We ask the Victorian Government to abandon this unevidenced approach and instead to invest in rehabilitation, connection to family and culture, education, mental health care and housing, to prevent children from engaging in criminal activity and to keep communities safe.

Louisa Gibbs (she/her), CEO at the Federation said: "Community legal centres, who work with both victims of crime and children at risk of entering or in the criminal legal system, unanimously oppose the changes to youth justice sentencing.

"Adopting an evidence-based, child-centric and preventative approach to youth offending isn't being 'soft on crime' - it's pragmatic policy based on evidence of what works best for individuals and community safety. Let's recognise that locking kids up is a sure way to create cycles of recidivism, and that social and health responses are the true pathways to safety for everyone in our community."

Lee Carnie (they/them), CEO at Youthlaw said: "The youth justice sentencing reforms tabled today are a dark stain on Victoria's human rights record. Removing the requirement that imprisonment be a last resort for children is a dangerous step backwards and out of step with Australia's international human rights obligations. It will lead to more kids jailed for longer instead of the Victorian Government investing in what actually works - keeping kids in school, wraparound legal-social supports, and early intervention."

"Longer prison sentences will hit hardest for children who have experienced homelessness and violence themselves. These youth justice sentencing changes will only compound their trauma, driving them deeper into the criminal justice system and reducing chances of rehabilitation."

Bryanna Connell (she/her), CEO at Barwon Community Legal Service said: "In regions like Barwon, young people already face higher rates of school disengagement and limited access to specialist services. These reforms will hit hardest in communities where disadvantage is concentrated and early intervention options are scarce. Forcing 14-year-olds into adult courts and exposing them to lengthy sentences will not make our region safer, it will entrench cycles of harm.

"Real safety comes from investing in local, trauma-informed programs that keep young people connected to education and family, and include legal education about rights and responsibilities. When young people understand the law and their options, they are better equipped to make informed choices and avoid harmful pathways. Just as importantly, we must address the underlying causes of offending - poverty, trauma, and lack of opportunity - if we truly want safer communities."

Sohini Mehta (she/her), Senior Lawyer at the Human Rights Law Centre said: "Kids deserve care, not cages and life sentences. The Allan Government's proposed laws will arbitrarily condemn children as young as 14 to irreversible harm and an incredibly bleak future behind bars.

"Removing the safeguard that imprisonment is the last resort for children, and pipelining more children into prison for longer, undermines children's rights under Victoria's Charter of Human Rights and breaches Australia's binding obligations under the UN Convention on the Rights of the Child.

"If the Premier cared about children and community safety, she would listen to the evidence and urgently invest in the supports - like housing, healthcare and community-led programs - that reduce harm and strengthen communities."

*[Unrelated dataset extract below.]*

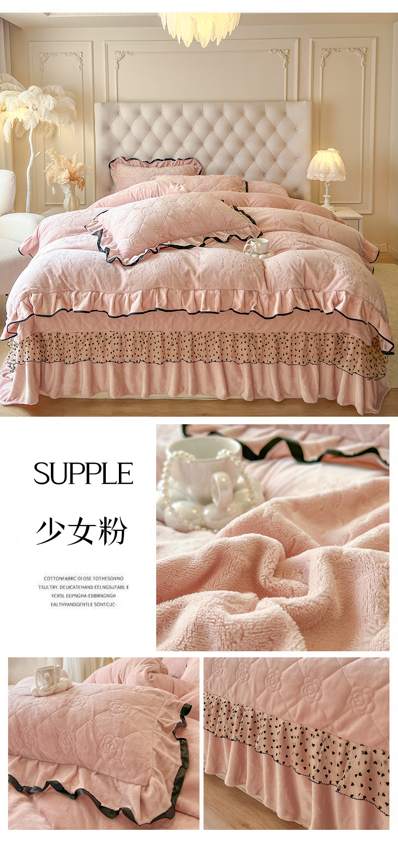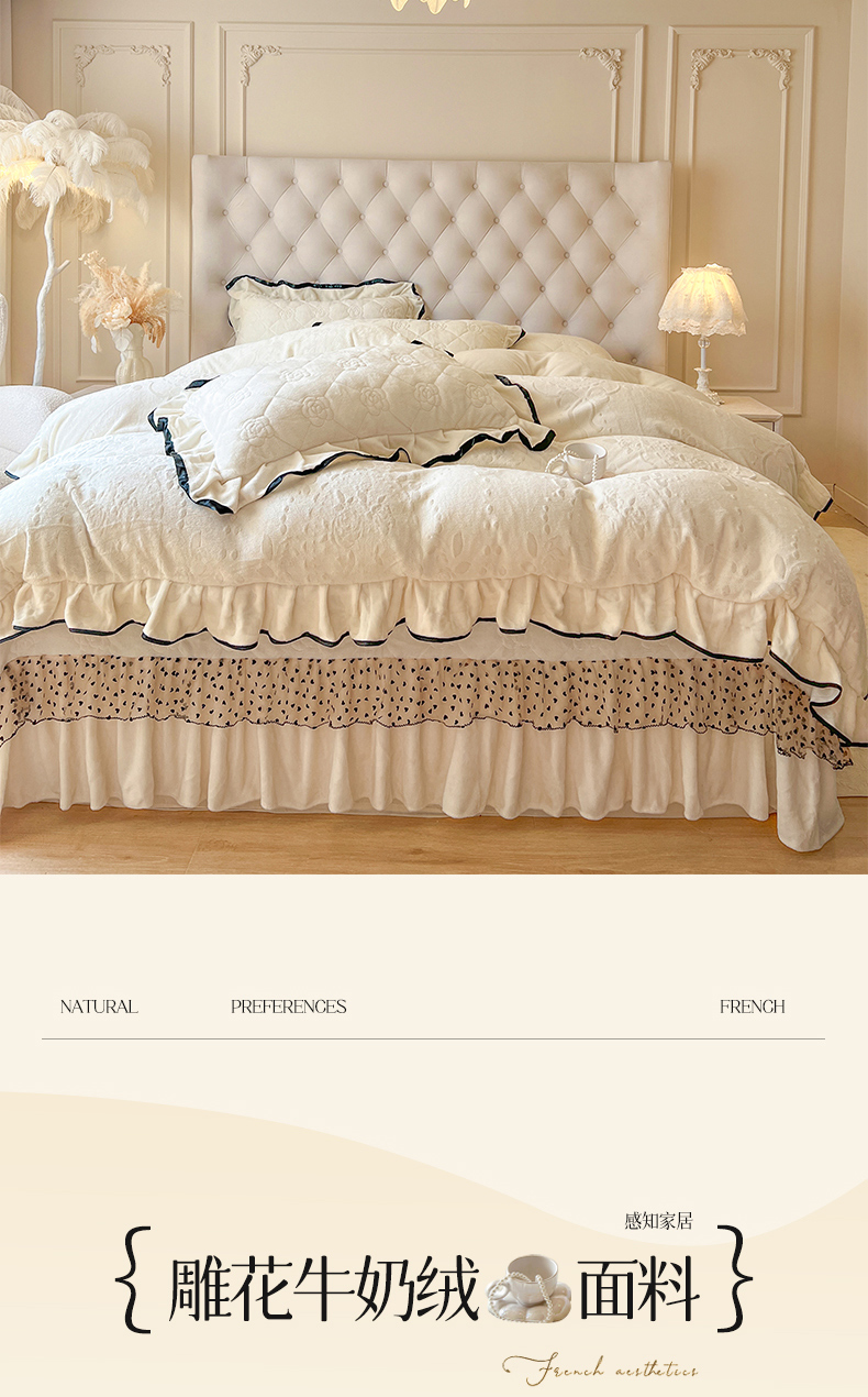 (总)瑞宝 2025新款雕花牛奶绒夹棉床裙四件套-花有约,花有约-粉玉,花有约-卡其,花有约-蔚蓝,花有约-青柠绿,花有约-梦幻紫,花有约-奶油白

Nerita Waight (she/her), CEO of the Victorian Aboriginal Legal Service said: "This governments knee-jerk response to all things justice related is getting tired and speaks to a lack of leadership. We know that children are more likely to be diverted from the justice system when they are supported and given the opportunity to heal and learn in safe ways - not by being in prison.

"Locking children up and throwing away the key is not the answer in fact it just ensures generational incarceration will continue unabated. Investment in self-determined solutions, prevention, early intervention and diversion programs is the answer. Abandon this bill and invest in evidence-based solutions."